Changing the lipid composition is another effective approach to membrane engineering, such as altering sterol content, lipid length and phospholipid head groups. In S. cerevisiae, the substitution of ergosterol with fecosterol by an ERG3 mutant coupled with upregulation of sterol synthesis improved cell growth and ethanol production at temperatures above 40 °C (Caspeta et al. 2014). By single or combined deletion of different erg genes (e.g. Δerg2, Δerg3, Δerg4, Δerg5 and Δerg3Δerg5), the engineered strain achieved up to 2.24-fold higher growth rate than the wild-type strain at 39 °C (Liu et al. 2017). These results highlight the significant role of sterols in the resistance of yeast to exogenous stresses, and indicate the possibility of increasing the yeast robustness by engineering their sterol composition. Recently, the co-expression of two genes involved in the phospholipid synthesis pathway, CDS1 and CHO1, improved the salt stress tolerance of S. cerevisiae up to 1.2 mol/L NaCl (Yin et al. 2020). Interestingly, overexpression of ELO2 in S. cerevisiae also improved its tolerance to osmotic stress, benefitting from the enhanced membrane integrity caused by the increase in the long fatty acid content of sphingolipids (Zhu et al. 2020a). In the fatty acid production process, deletion of the aas gene (encoding acyl-ACP synthase) decreased the incorporation of FFAs into membrane phospholipids and increased fatty acid production (Sherkhanov et al. 2014). In another work, the phospholipid head was engineered by increasing the expression of phosphatidylserine synthase (pssA) to increase the tolerance of E. coli to octanoic acid, which is a membrane-damaging solvent. At the same time, tolerance to other industrially relevant inhibitors, such as toluene, ethanol, furfural, and low pH was also improved (Tan et al. 2017). This work suggests that engineering the lipid composition can change the membrane integrity, hydrophobicity and fluidity effectively, thus effectively reducing the penetration of toxic compounds into the cell and consequent cell damage.

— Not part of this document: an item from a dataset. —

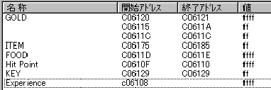 その前に改造コードを。これでアイテムほか総て満タン。ゲームはちっともおもしろくなくなります(^^;;

Many cell transporter proteins play various important roles in physiological activities such as nutrient uptake, metabolite release and cell signaling. Transporter engineering facilitates the transmembrane transport of matrix, intermediate metabolites, and end products in microbial cells, thereby alleviating feedback inhibition and cytotoxicity of intermediate metabolites and end products. Transporter proteins usually consist of influx and efflux proteins, while the latter is mainly the target for engineering cell robustness. A large number of membrane proteins have been demonstrated to be involved in the efflux of a series of compounds (Jiang et al. 2021b; Yamada et al. 2021; Zhu et al. 2020b). Overexpressing these efflux pumps successfully improves microbial tolerance and robustness (Table 2). For example, Dunlop et al. (2011) expressed 43 efflux pumps homologous to Pseudomonas putinosa protein in E. coli, improving tolerance to a variety of terpenes, biofuels such as n-butanol and isoamyl alcohol. However, these efflux pumps often consume ATP or ion gradients as an energy source for the transport of matter. Recently, it was found that overexpression of the voltage-dependent transport protein SpMae1 from Schizomyces cerevisiae in S. cerevisiae can increase the yield of succinate, maleic acid, and fumaric acid by a factor of 3, 8 and 5 times, respectively, without affecting the growth of S. cerevisiae, and the transport protein SpMae1 does not need to consume ATP and Na+ as transport energy (Darbani et al. 2019). These results suggest that there is great potential to apply efflux proteins from unrelated organisms in chassis cells to exhibit their native advantage.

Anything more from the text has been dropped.